This set of notes will rest as much on the book as on the interview. Thaler’s talk with Ritholtz was good, but even better after I read the book. Your takeaway value will vary accordingly.

That’s not to say we won’t learn anything though. Questions we can aim to answers.

  • Why are we bad at big decisions?
  • Are Econs and Humans the new Odd Couple? (step aside Felix and Oscar)
  • When should you buy stock in $CUBA?
  • What’s the newest modern architecture? (Hint: it’s not Deco)
  • Why do you love a good deal on Beats headphones?
  • Why does it feel so bad to lose those headphones?
  • Why should you never buy basketball tickets from someone who had to camp out to get them?
  • Why does someone who drives a Lexus want to save money on gas?
  • Why is Daniel Kahneman so brilliant?

Let’s learn. 

Decision making – Why are we bad at big decisions?

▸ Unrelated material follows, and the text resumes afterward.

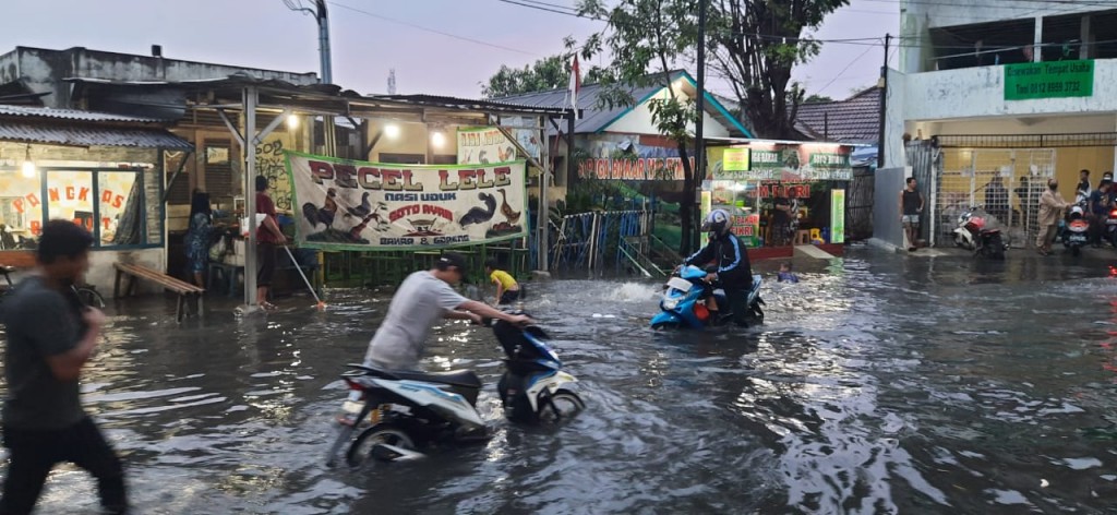 “Ya mas ini motor saya mogok, karena genangan air di jalan raya Kotabumi, ini sedengkul kaki saya dalamnya,” ujarnya.

We stink at making big decisions says Thaler. It’s not really our fault though, we don’t get much practice. I know what kind of ice cream to get (Pistachio or chocolate), but not what career to choose (freelance or higher education). The infrequent choices though are often the most important ones. If there were some way to get better at making those, then we might see some big improvements in our lives.

It’s not a short list either. Whether to take a job, whether to transfer, whether to go back to school, and whether to work when your kids are young, are all big(ish) choices just for your early career. Add in relationships, investments, and life or death moments and we get a Pandora’s box of options.

But, the good news is that we can get better at making decisions. There are many tools, one of which is to ask, does this solve the smallest possible problem?

It’s easy to get caught up in big problem because those are the ones that seem worth solving. Small problems don’t matter until they build up into big problems, and then we have a serious situation to solve. Much like unraveling a single pair of headphones is annoying, but doable. Once 10 or 100 get entwined then things get quite messy.  Within any big problem are lots of small problems to untangle first.

When Mark Ford worked for a financial newsletter company he was focused on doing it right. Ford, the editor, spent about half his time to create a formatting guide for the writers to use. That way, his newsletter would be distinct, professional, and consistent. Guess what? No one cared.

Ford realized his mistake one day. The readers didn’t care what the style was. They didn’t care that there was a tone or how it was unique. Ford quit working on the style guide and began writing better articles and that’s when the publication grew. Ford was solving a big problem – what type of writing do people want to read – rather than the smaller one – what do our subscribers want to read?

Fellow writer James Manos was in a similar situation. In 1998 Manos was hired to be a writer a new television show. It was a new kind of show and it might turn into something big. Manos though didn’t worry about any of that.

For Manos the secret wasn’t to think about any big ideas around the show or its role in culture at large, he said his only focus was to write compelling characters. That’s the smallest possible problem for a television show writer, how do I make these characters ones people will watch?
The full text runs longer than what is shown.